(Beginning of The data)
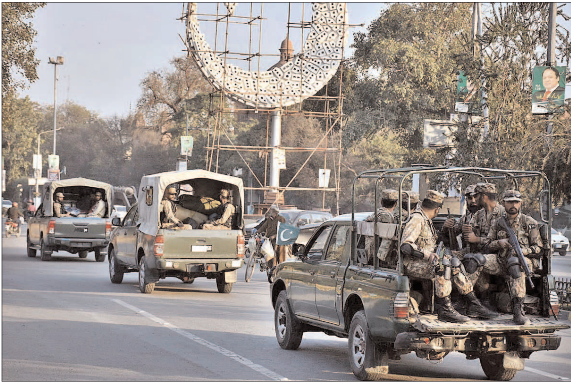
LAHORE: A convoy of army personnel patrols along a road in the city to develop a sense of protection among the masses and maintain law and order situation during the General Election 2024.
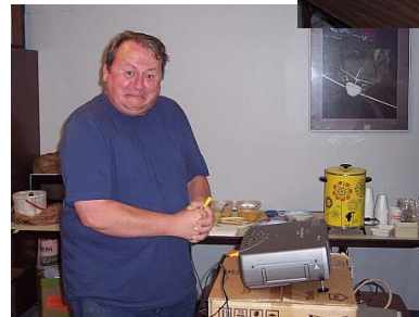
Cliff powered by the projector or vice versa?
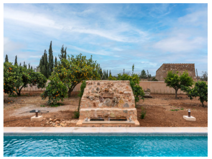
Lots of fruit trees
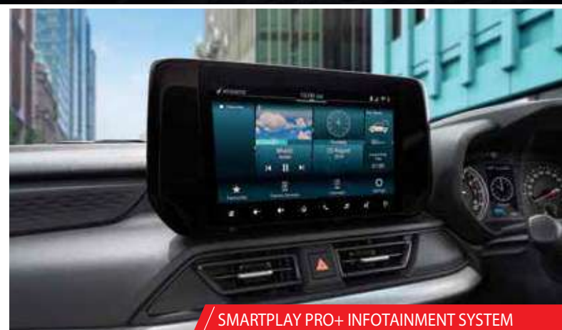
SMARTPLAY PRO+ INFOTAINMENT SYSTEM

No words can describe what you'll feel when you enter the Epic New Swift. But we'll try. This car is designed with ample space keeping your comfort in mind and its Sporty All-Black Interiors make every drive truly stylish. The real head-turner is the sleek and futuristic center console, with a driver-oriented cockpit for easy access.
(End of The data)
▶ **Work instructions**: With all pictures left out, please transcribe exactly the lines from the start of the material through the line with "SMARTPLAY PRO+ INFOTAINMENT SYSTEM".

▶ **Response below**:
LAHORE: A convoy of army personnel patrols along a road in the city to develop a sense of protection among the masses and maintain law and order situation during the General Election 2024.
Cliff powered by the projector or vice versa?
Lots of fruit trees
SMARTPLAY PRO+ INFOTAINMENT SYSTEM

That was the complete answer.